Zimplow, one of the country’s largest manufacturers of agricultural implements for small-scale farmers, says business has declined so much this year that this could be the most difficult year in its 64-year history.
Unit sales for the three months to September were down by 30 percent compared to the same period last year. Exports, on the other hand, grew by 30 percent but the dollar value of the exports was almost “meaningless” because of the unrealistic exchange rate.
The company made a net profit of $7.3 billion during the year ended June but said volumes on the local market had declined by 9 percent. Exports grew by 25 percent but contributed 57 percent of total sales.
The company’s chief executive, Anthony Rowland, said until four years ago, the bulk of the company’s business was local. It was only exporting 25 to 30 percent of its products with the local market consuming the rest.
Ironically, the slump coincided with the government’s concerted land reform exercise which should have been a major boost for the company, but Rowland said while the government had resettled hundreds of people, it had not provided them the means of production.
The emphasis had been on supplying inputs such as seed and fertiliser. The new farmers had been encouraged to use tractor drawn implements instead of tried and tested animal drawn implements which they could afford.
“What has happened is that the government has transferred people but not the means.
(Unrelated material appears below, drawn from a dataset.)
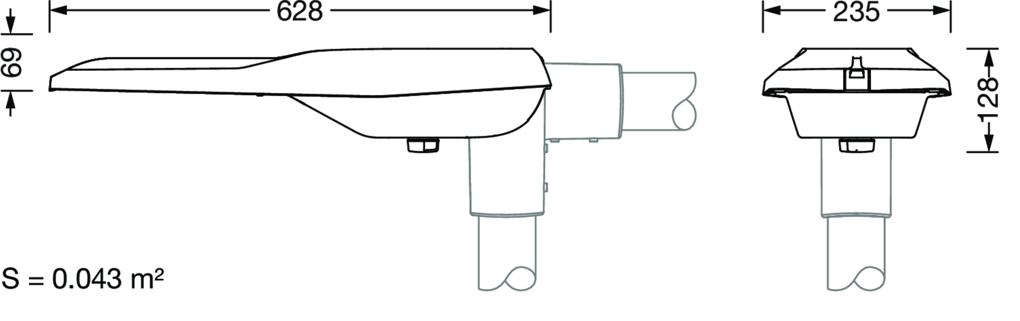 Streetlight SL 21 iQ mini, Mastleuchte, primäre Lichtlenkung mit Linse, aus PMMA, primäre lichttechn. Abdeckung: Abdeckung, aus Einscheiben-Sicherheitsglas, klar, Lichtverteilung: P080001, Abstrahlwinkel primär: breit strahlend, Lichtaustritt: direkt strahlend, primäre Lichtcharakteristik: asymmetrisch, Montageart: Aufsatz, Ansatz, Leuchtmittel: LED, Bemessungswerte: 6.040lm | 39,8W | 151,8lm/W (Beginn Lebensdauer); Ende Lebensdauer: 6.040lm | 41,2W; bei 50% Lichtstrom: 3.020lm | 18W | 167,8lm/W, Farbtemperatur: 3000K, Farbwiedergabe: CRI > 70, Lichtfarbe: 730, Lichteinstellung 1 (weitere Lichteinstellungen möglich): 100% | 6.040lm | 39,8W | 151,8lm/W | 3.000K (Beginn Lebensdauer); Ende Lebensdauer: 41,2W, Vorschaltgerät: iQ-Street Remote, D4i mit Leistungsreduzierung, Steuerung: Voreinstellung: Dimmkennlinie logarithmisch, Street-Remote, Auto-Match, Temp-Guard, Lumen-Switch, Night-Set, Smart-Wire, Light-Fading, Desk-Remote (drahtloses, spannungsfreies Auslesen und Einstellen der iQ-Features in der Werkstatt via anwendungsoptimierter NFC-Funktion/RFID-Funktion), optimierte Konstantlichtstromsteuerung (CLO 2.0), Netzanschluss: 220..240V, AC, 50/60Hz, Stoßspannungsfestigkeit: Stoßspannungsfestigkeit: 10kV (Common Mode); 6kV (Differential Mode), Leuchtengehäuse, aus Aluminium-Druckguss, pulverbeschichtet, SITECO eisenglimmer (DB 702S), Korrosivitätskategorie C5 high gemäß DIN EN ISO 12944, Mastflansch bitte separat bestellen, Neigung einstellbar: 0°, 5°, 10°, 15°, Dichtung zerstörungsfrei tauschbar, mehrstufiges Dichtungssystem, Länge: 628mm, Breite: 235mm, Höhe: 110mm, Mastflansch für Zopfmaß: 42mm (Ansatz): 5XC10008XM4, 60/48mm (Ansatz/Aufsatz): 5XC10108XM2, 76/60mm (Ansatz/Aufsatz): 5XC10108XM1, Smart Interface unten: Zhaga, Schutzart (gesamt): IP66, Schutzklasse (gesamt): SK II (Schutzisoliert), Prüfzeichen: CE, ENEC, ENEC+, VDE, Schlagfestigkeit: IK10, zul. Betriebsumgebungstemperatur für Außenanwendungen: -40..+50°C, normgerechte Platz- und Straßenbeleuchtung, Verpackungseinheit: 1 Stück

People have to wait for DDF (District Development Fund) tractors to till the land. They cannot afford these tractors so they have to be subsidised by the government.
“Africa is ripe for small-scale farming but people have to be properly resourced and trained. People don’t respond to handouts. They want to be self-sufficient like the cotton farmers of Gokwe. They are using simple animal drawn implements yet they produce the bulk of the cotton in the country,” Rowland said.
He said because of the drop in the local market, the company had gradually switched to the export market which now accounted for 60 percent of sales. The only problem now was the exchange rate.
Rowland said the “controlled” foreign currency auction system was like a price control because it had not kept pace with inflation. Though year-on-year inflation had dropped from 622 percent at the beginning of the year to 209 percent last month, inflation this year had increased by over 80 percent.
If the exchange rate had kept pace with inflation it should be between $10 500 and $12 000 to the greenback now.
“The exchange rate has to follow the CPI,” Rowland said.
The CPI which stood at 27 714.7 in January had risen to 50 704.8 last month, an increase of 83 percent.
Central bank governor, Gideon Gono, the architect of the current economic reform programme, argued in his monetary review statement last month that the auction was “controlled only to the extent of prioritising beneficial payments, without manipulation of the exchange rate itself”.
He said the bank had invited more than 200 visitors from the diplomatic community, captains of industry and other stakeholders to attend the weekly auctions to “observe and attest the reality of what transpires” at the auction.